What you will do: Transcribe the listing that follows in full, exactly, and drop its images.

Exercise data:
=== Section Start ===
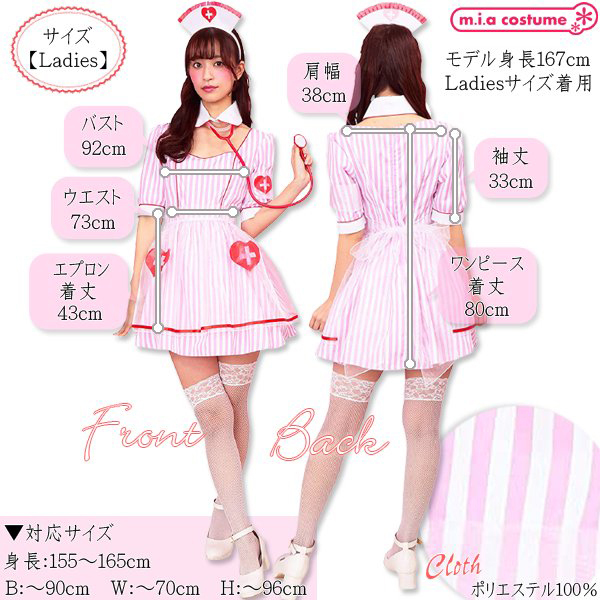 仕様:Mサイズ 対応サイズ:身長155〜165cm・B〜90cm・W〜70cm・H〜96cm 実寸:B92cm・W73cm・肩幅38cm・袖丈33cm・着丈80cm、エプロン丈43cm セット内容:カチューシャ、付け襟、ワンピース(背中心ファスナー)、エプロン、腕章、聴診器 素材:ポリエステル100%
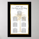 Add your own special touch to this elegant design featuring modern script and black text including an artistic gold palm tree silhouette with a metallic gold frame. This seating chart design features the bride and groom's names along with the words "Eat, Drink, and Be Merry" and "Please Find Your Seat". Templates are provided for up to seven tables with up to 8 or 9 names per table.
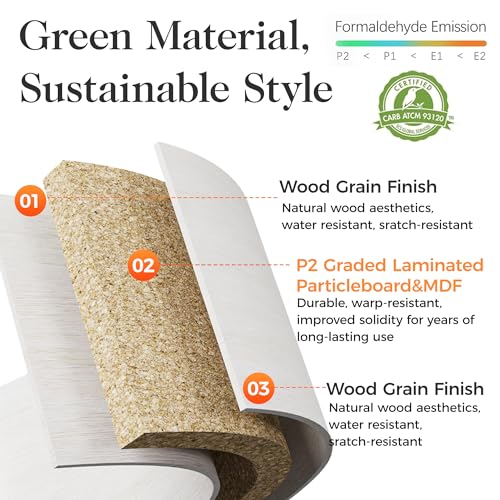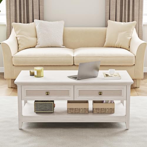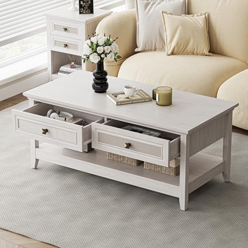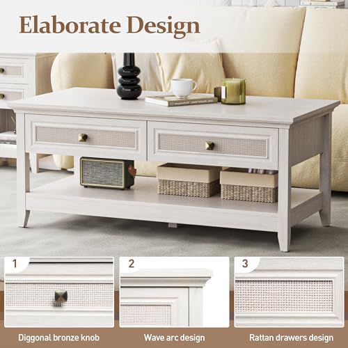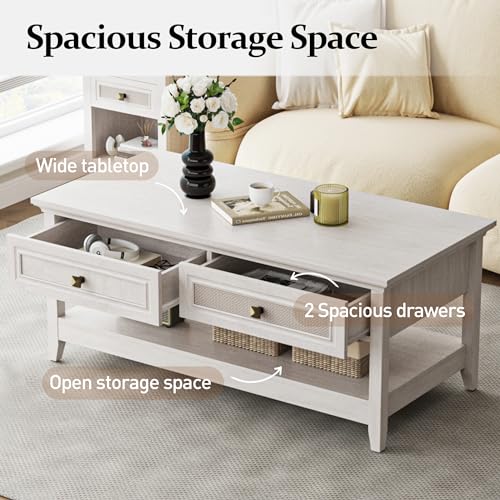 Farmhouse Coffee Table, Boho Tea Table with 2 Rattan Decor Drawers, Accent Center Sofa Table with Storage Shelf, 2 Tier Coffee Table for Living Room, Bedroom, Home Office, Grayish White
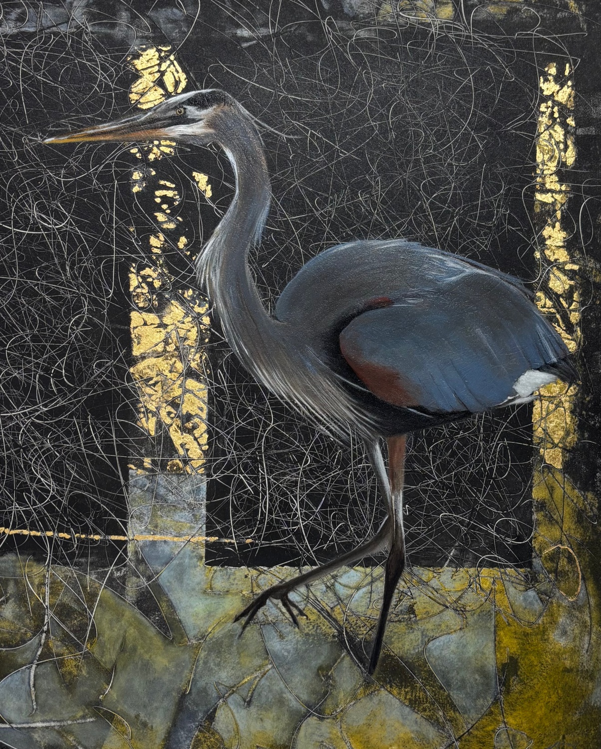by Karleen Loughran, Monoprint, Acrylic & Goldleaf, 18″x 20″, $650
=== Section End ===
Output for this exercise:
 仕様:Mサイズ 対応サイズ:身長155〜165cm・B〜90cm・W〜70cm・H〜96cm 実寸:B92cm・W73cm・肩幅38cm・袖丈33cm・着丈80cm、エプロン丈43cm セット内容:カチューシャ、付け襟、ワンピース(背中心ファスナー)、エプロン、腕章、聴診器 素材:ポリエステル100%
 Add your own special touch to this elegant design featuring modern script and black text including an artistic gold palm tree silhouette with a metallic gold frame. This seating chart design features the bride and groom's names along with the words "Eat, Drink, and Be Merry" and "Please Find Your Seat". Templates are provided for up to seven tables with up to 8 or 9 names per table.
 Farmhouse Coffee Table, Boho Tea Table with 2 Rattan Decor Drawers, Accent Center Sofa Table with Storage Shelf, 2 Tier Coffee Table for Living Room, Bedroom, Home Office, Grayish White
by Karleen Loughran, Monoprint, Acrylic & Goldleaf, 18″x 20″, $650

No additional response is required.